# Problem details
Return the lines of the data below, from the one containing "Благодатный соборный образ, объединяющий" through the very last, exactly and with both ends included; no pictures.

--- Entries provided Enclosed Below ---

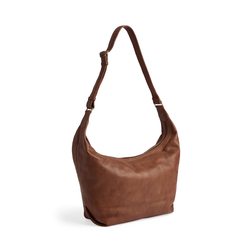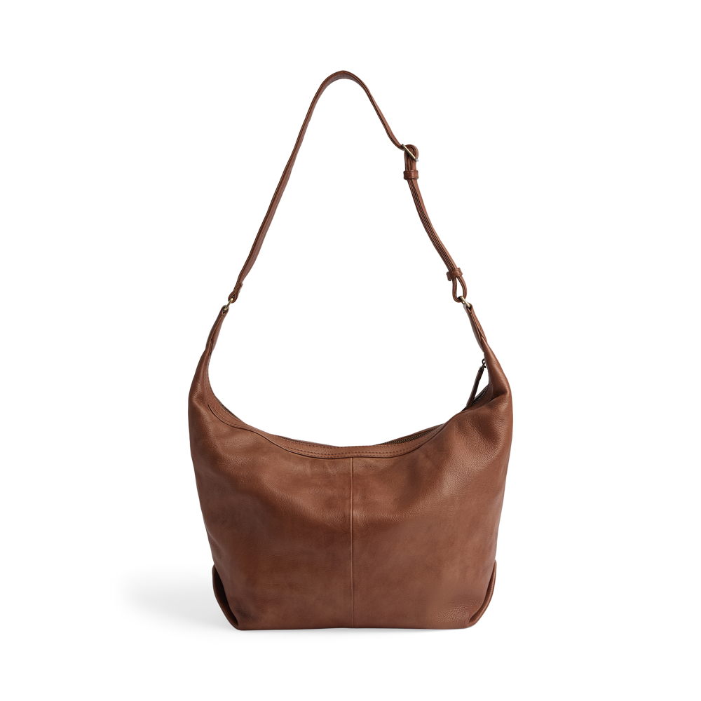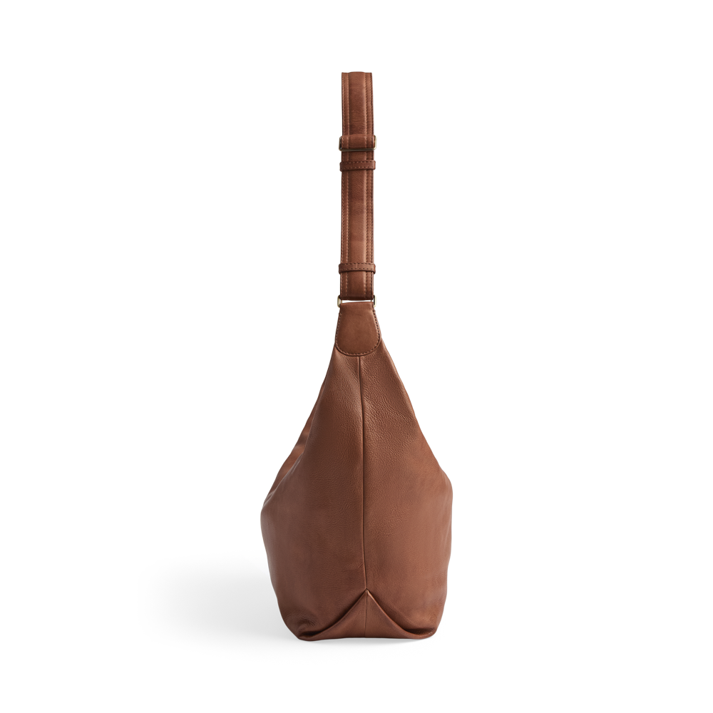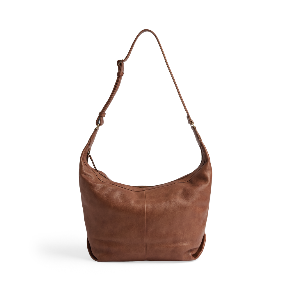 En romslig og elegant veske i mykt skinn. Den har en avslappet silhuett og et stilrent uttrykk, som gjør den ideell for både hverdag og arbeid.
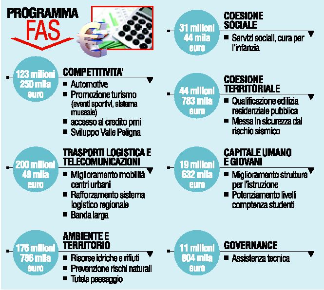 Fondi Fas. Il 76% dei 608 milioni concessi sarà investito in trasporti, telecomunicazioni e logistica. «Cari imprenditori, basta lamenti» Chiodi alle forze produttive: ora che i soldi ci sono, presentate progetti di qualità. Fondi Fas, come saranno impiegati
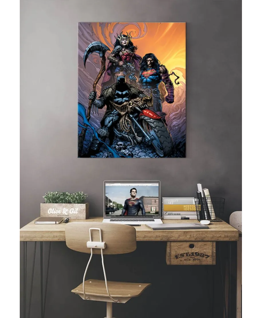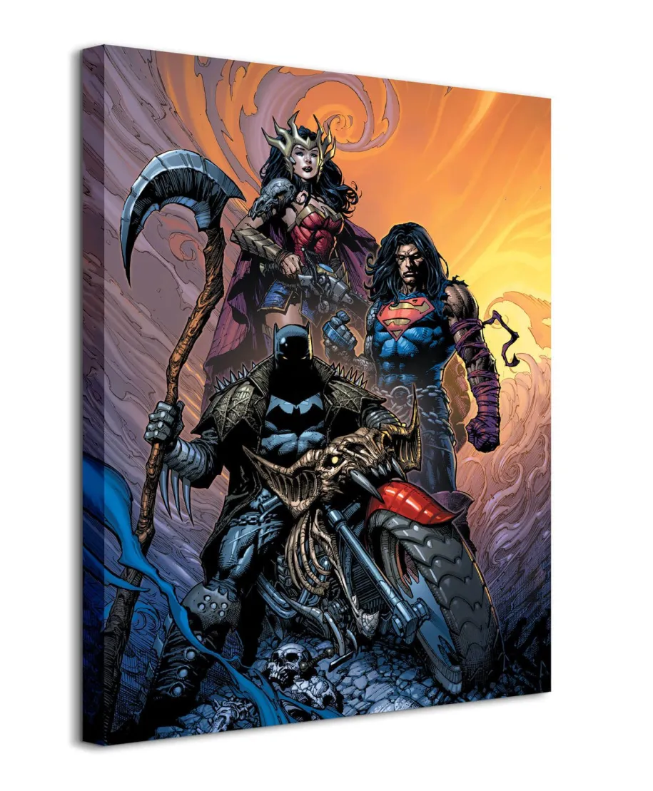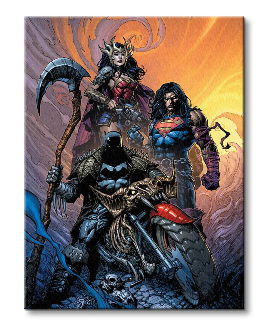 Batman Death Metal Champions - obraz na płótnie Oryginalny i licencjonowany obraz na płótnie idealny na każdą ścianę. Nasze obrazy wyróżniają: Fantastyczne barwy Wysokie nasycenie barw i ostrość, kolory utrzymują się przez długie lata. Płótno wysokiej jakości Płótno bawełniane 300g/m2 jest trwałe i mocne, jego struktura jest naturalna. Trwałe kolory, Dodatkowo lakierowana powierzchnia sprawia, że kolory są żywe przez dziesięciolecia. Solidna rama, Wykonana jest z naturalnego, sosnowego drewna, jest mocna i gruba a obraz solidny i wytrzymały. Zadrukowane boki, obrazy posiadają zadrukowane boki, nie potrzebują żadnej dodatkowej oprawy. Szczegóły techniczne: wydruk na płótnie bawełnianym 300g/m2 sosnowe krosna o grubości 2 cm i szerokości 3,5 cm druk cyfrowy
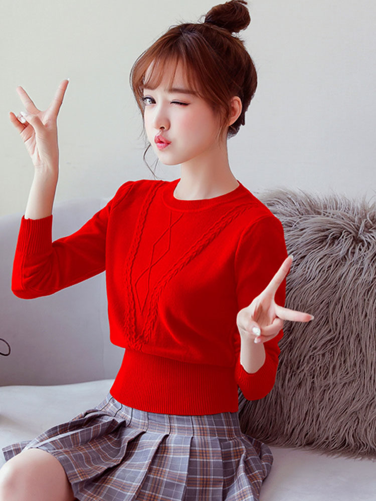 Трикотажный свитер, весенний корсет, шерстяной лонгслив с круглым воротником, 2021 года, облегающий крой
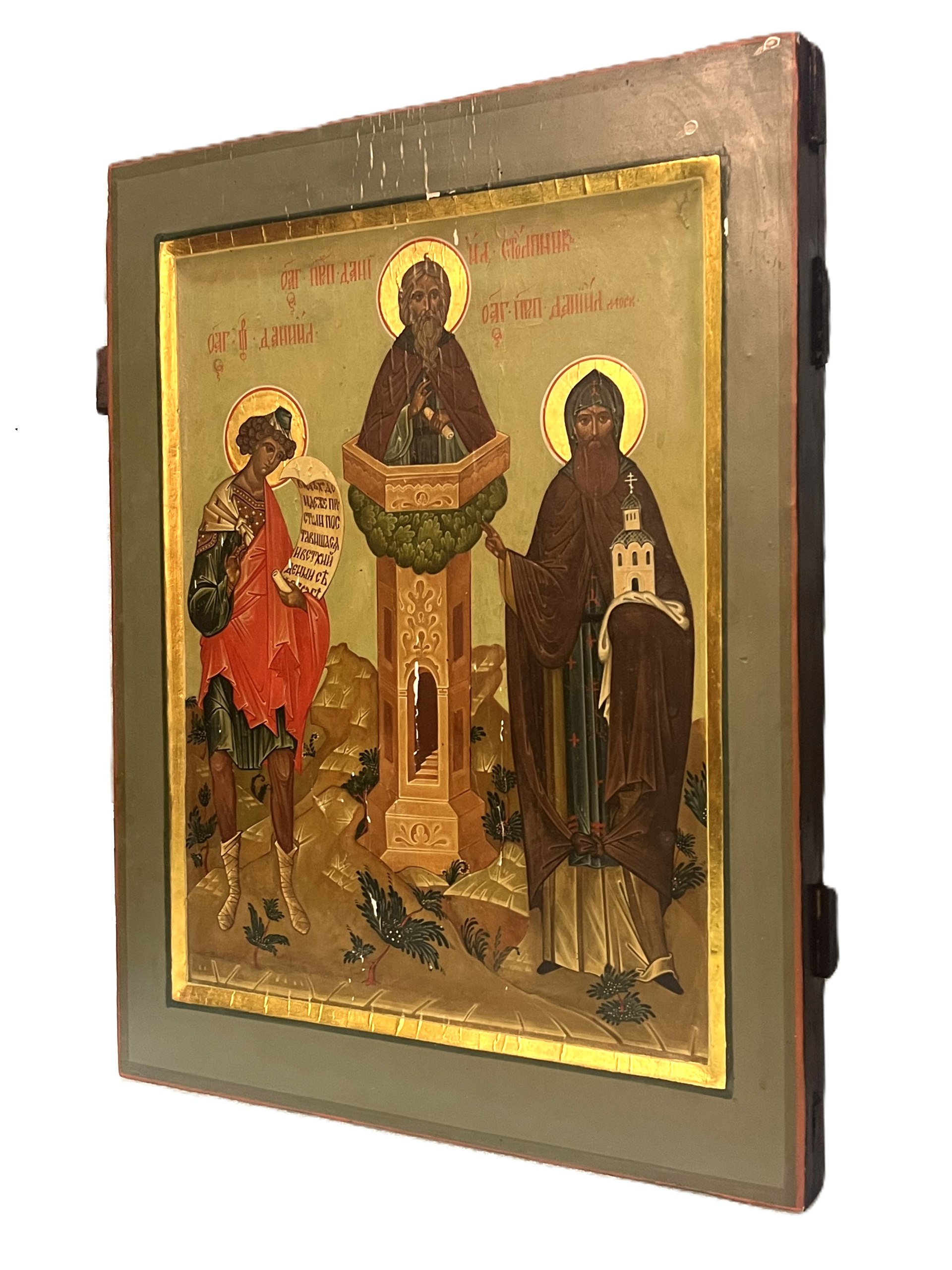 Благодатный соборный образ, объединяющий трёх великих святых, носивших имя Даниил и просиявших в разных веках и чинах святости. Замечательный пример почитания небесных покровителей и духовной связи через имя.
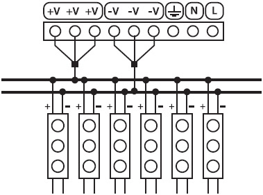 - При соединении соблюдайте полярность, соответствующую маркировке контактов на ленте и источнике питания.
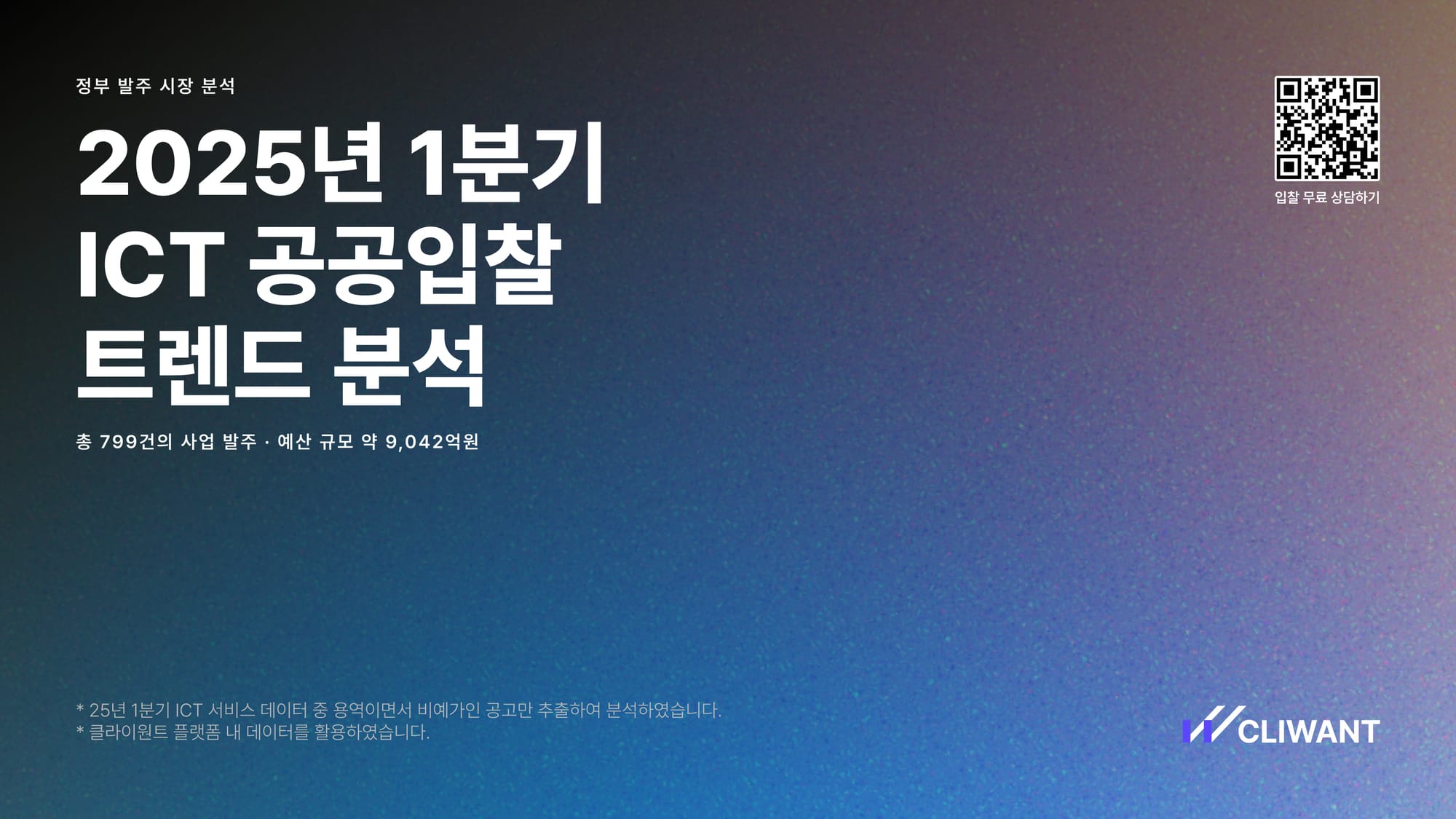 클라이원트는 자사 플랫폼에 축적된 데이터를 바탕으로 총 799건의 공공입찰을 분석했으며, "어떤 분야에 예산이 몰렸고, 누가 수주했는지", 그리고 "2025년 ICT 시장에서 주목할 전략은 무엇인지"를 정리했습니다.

--- End of Enclosed Entries provided ---

# Written response
 Благодатный соборный образ, объединяющий трёх великих святых, носивших имя Даниил и просиявших в разных веках и чинах святости. Замечательный пример почитания небесных покровителей и духовной связи через имя.
 - При соединении соблюдайте полярность, соответствующую маркировке контактов на ленте и источнике питания.
 클라이원트는 자사 플랫폼에 축적된 데이터를 바탕으로 총 799건의 공공입찰을 분석했으며, "어떤 분야에 예산이 몰렸고, 누가 수주했는지", 그리고 "2025년 ICT 시장에서 주목할 전략은 무엇인지"를 정리했습니다.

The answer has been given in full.